_TASK DIRECTIONS:_
Output the lines from the one holding "To validate the" to the end of the entries that follow, exactly and only those, minus any pictures.

[Stored dataset items]

——————

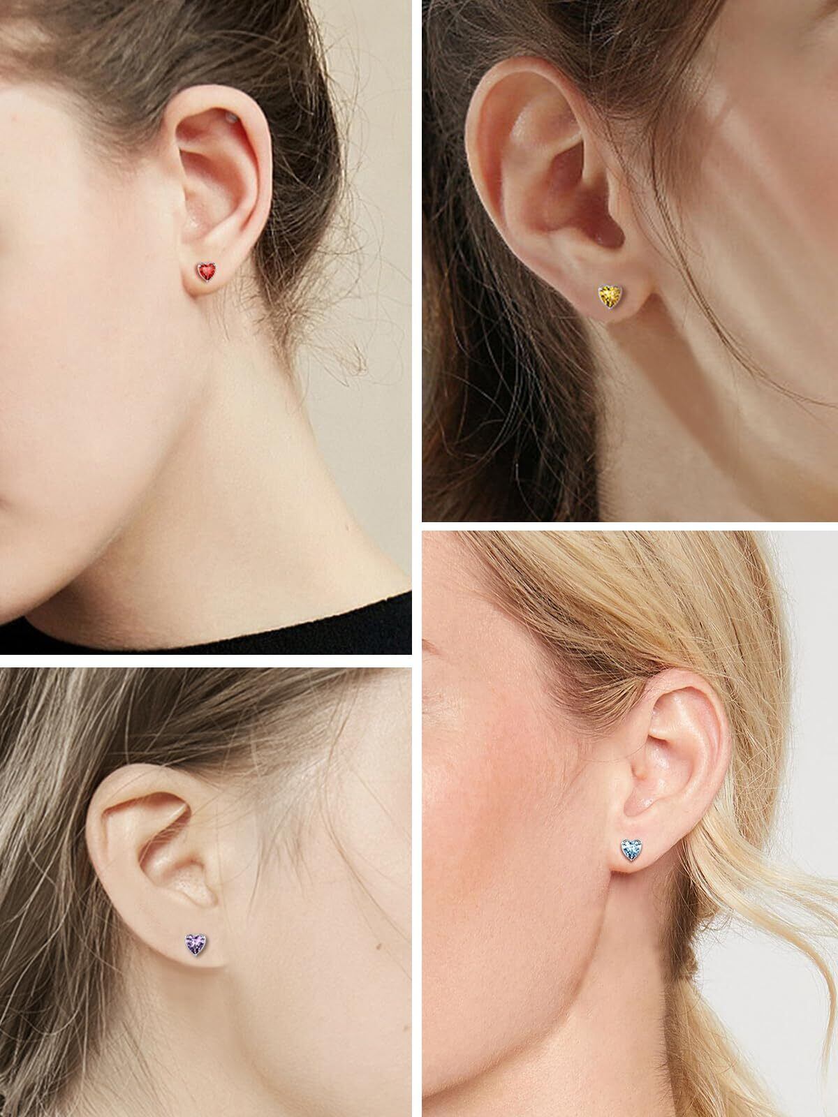 [Suplight] ハート ピアス レディース 人気 シルバー925 ジルコニア 誕生石 かわいい アクセサリー
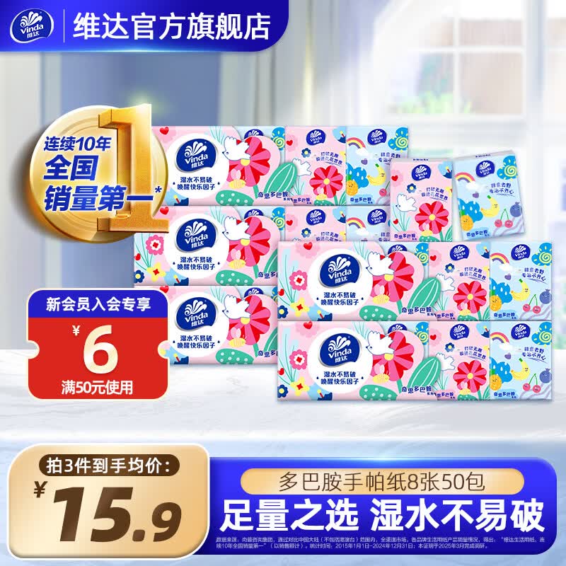 维达(Vinda)多巴胺手帕纸 自然无香 纸手帕餐巾纸卫生纸小包纸巾 湿水不易破 【大容量】 3层 8张*50包
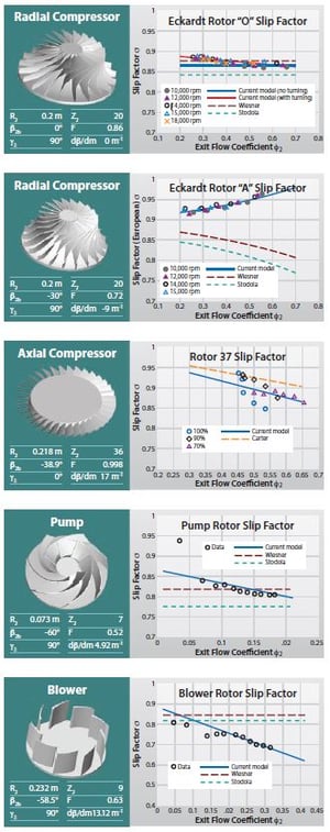 To validate the model, a variety of different impellers were studied including radial compressors, axial compressors, pumps, and blowers. The sampling of cases presented here represents the typical results achieved.
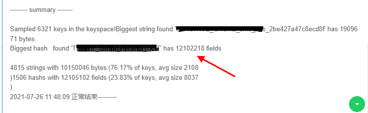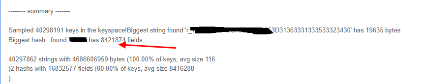 2. 经过分析找出了hash类型的Bigkey有8421874个fields,正是这个Bigkey导致迁移时间太长,超过了迁移时间限制,导致工单失败了。
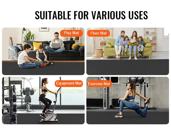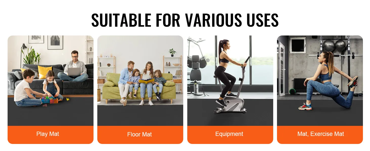 Suitable for Various Uses: Our fitness & exercise mat is suitable for all floor types, including carpets, tiles, or wooden floors in living rooms or bedrooms, as well as concrete floors in garages, patios, or basements. It can be used as a play mat, floor mat, equipment mat, or exercise mat.
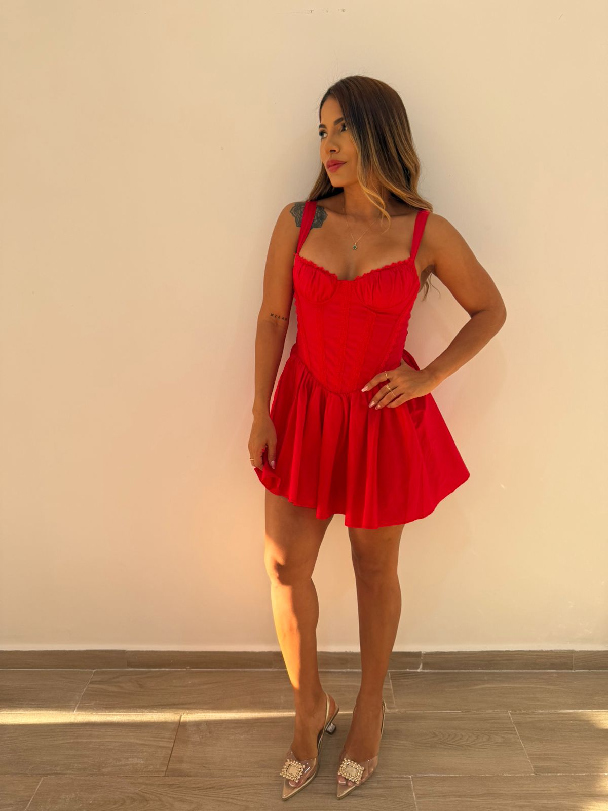 Hermoso vestido balance corto tipo corcel, disponible en tres tipos de colores, blanco, azul y rojo.
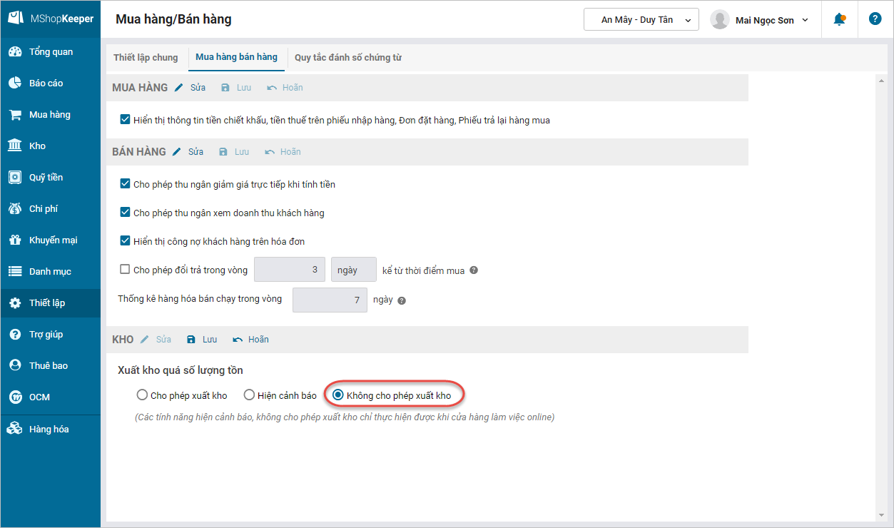 5. Quản lý cửa hàng muốn phần mềm không cho phép xuất kho âm hoặc có cảnh báo khi xuất kho âm để tránh việc kế toán chưa nhập chứng từ nhập kho vào mà thu ngân bán hàng thì kho bị âm dẫn đến giá trị xuất kho không đúng
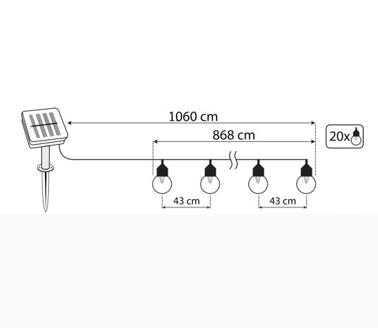 W przypadku pochmurnej lub deszczowej pogody panel można ładować przez USB, dzięki czemu z girlandy można korzystać nawet zimą, gdy nie ma wystarczającej ilości światła słonecznego. Posiada wymienne, filamentowe żarówki.

——————

_ANSWER TO THE PROBLEM:_
 To validate the model, a variety of different impellers were studied including radial compressors, axial compressors, pumps, and blowers. The sampling of cases presented here represents the typical results achieved.
 2. 经过分析找出了hash类型的Bigkey有8421874个fields,正是这个Bigkey导致迁移时间太长,超过了迁移时间限制,导致工单失败了。
 Suitable for Various Uses: Our fitness & exercise mat is suitable for all floor types, including carpets, tiles, or wooden floors in living rooms or bedrooms, as well as concrete floors in garages, patios, or basements. It can be used as a play mat, floor mat, equipment mat, or exercise mat.
 Hermoso vestido balance corto tipo corcel, disponible en tres tipos de colores, blanco, azul y rojo.
 5. Quản lý cửa hàng muốn phần mềm không cho phép xuất kho âm hoặc có cảnh báo khi xuất kho âm để tránh việc kế toán chưa nhập chứng từ nhập kho vào mà thu ngân bán hàng thì kho bị âm dẫn đến giá trị xuất kho không đúng
 W przypadku pochmurnej lub deszczowej pogody panel można ładować przez USB, dzięki czemu z girlandy można korzystać nawet zimą, gdy nie ma wystarczającej ilości światła słonecznego. Posiada wymienne, filamentowe żarówki.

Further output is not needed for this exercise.